The symptoms of Lyme disease can be multifaceted, which can make it difficult to diagnose and differentiate from other diseases. The sooner the illness is recognized, the better and faster the healing prospects. We classify Lyme disease into three stages, based on symptoms, in order to support an even more precise treatment approach.

Stage 1

Circular or ring-shaped, red skin appearance at the site of the tick sting after days or weeks, also known as migrating redness or erythema migrans. Important: The migrating redness may be absent in some cases.

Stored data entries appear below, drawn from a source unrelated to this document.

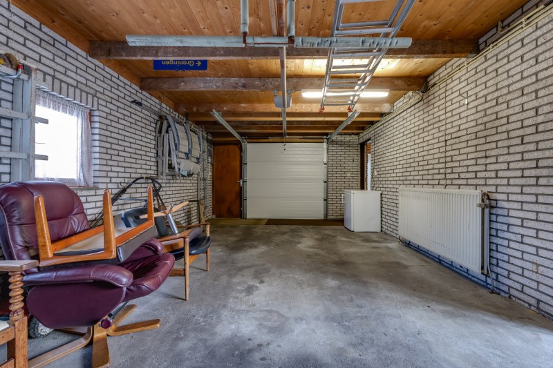 Via de hal bereikt u de aangebouwde garage, uitgerust met elektra, witgoedaansluitingen, een elektrische sectionaaldeur, voor- en achter-entree én extra bergruimte op de royale zolder waar u rechtop kunt staan, bereikbaar via een vlizotrap. Buitenom is de separate cv-ruimte toegankelijk, waar tevens het sproeisysteem is ondergebracht.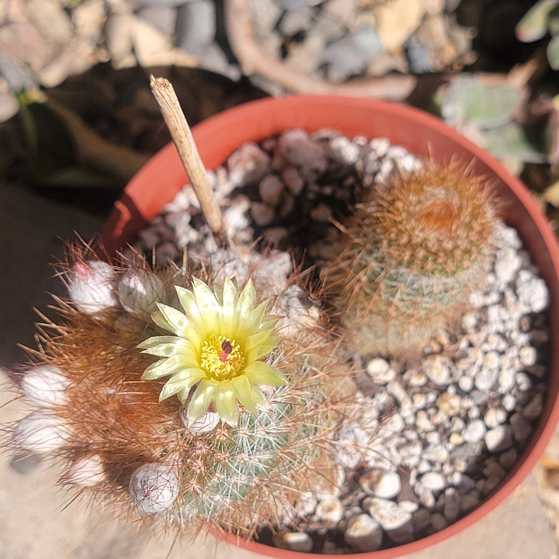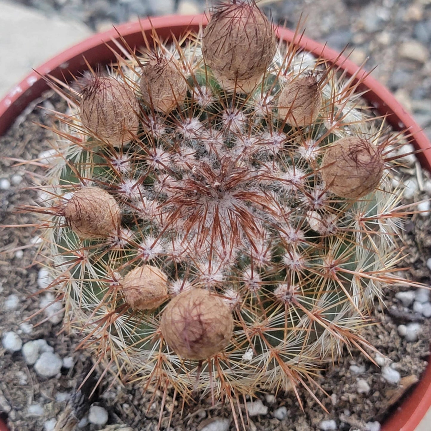 Esta variedad de cactus no sobrevivirá a una helada fuerte, pero si existe riesgo de temperaturas bajo cero, se puede llevar al interior para que crezca en el alféizar de una ventana soleada o bajo una luz de cultivo. Los cactus necesitan luz solar intensa, buen drenaje y agua poco frecuente para evitar la pudrición. Elija recipientes con orificios de drenaje y use tierra para suculentas y cactus con buen drenaje con entre un 70 % y un 80 % de arena mineral, como arena gruesa, piedra pómez o perlita. Riegue profundamente y espere a que la tierra se seque por completo antes de volver a regar.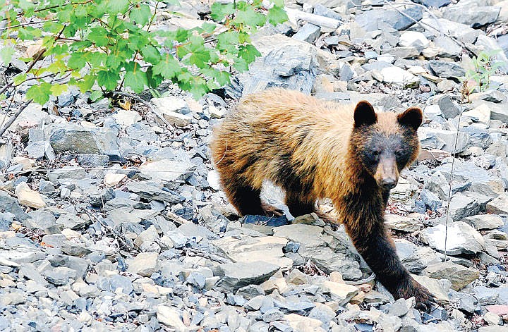 Nate Chute/Daily Inter Lake A young grizzly bear walks along a rocky surface below the West Side Tunnel on Tuesday.

Further general symptoms can occur including:

  • headache, joint and muscle pain
  • weakness
  • fever
  • swollen glands


Stage 2

Flu-like symptoms a few months after the tick sting

Infection, which can affect not only the skin, but also other organs such as:

  • the nervous system (neuroborreliosis) – nerve root inflammation, meningitis, paralysis of facial nerves (facial palsy), etc.
  • the heart – myocarditis and pericarditis
  • the eye – middle eyelid inflammation (uveitis)


Stage 3

Occurs months to years after the tick sting, leading primarily to:

  • Lyme arthritis, which means recurrent inflammation in the joints
  • Increasing impact on the nervous system


Our approach for Lyme disease

Our treatments for Lyme disease vary depending on the stage of the disease and any other underlying diseases. Only a small proportion of patients suffer from Lyme disease after a tick sting. Therefore, it is important to determine the current state of health. The following diagnostics are used for this purpose:

  • Specific laboratory tests for Lyme disease:
    • Antibody detection for Borrelia: ELISA
    • Confirmation test: Immuno-blot or Western blot
    • LTT Borrelia: evidence/treatment course monitoring of active Lyme disease
  • Exclusion of other tick-borne diseases, such as bartonella henselae, ehrlichiosis, rickettsia, babesia, tick-borne encephalitis (TBE)
  • Co-infections like Epstein Barr viruses (EBV), cytomegaloviruses (CMV), herpes viruses, chlamydia etc.
  • Dark-field: assessment of the inner environment
  • Food intolerances
  • Immune status, through blood and stool examination
  • Vital substance analysis
  • Pollution levels
  • Determination of chronic sources of infection in the dental area
  • etc.

Important to know: Borrelia can spread intra- and extracellularly, i.e. multiplying inside and outside the body cell. Since the antibiotic is only directed at the extracellular destruction of Borrelia, it does not make sense to use conventional antibiotic therapy as a sole and long-term therapy. We therefore rely on a multifactorial treatment, as with chronic infections.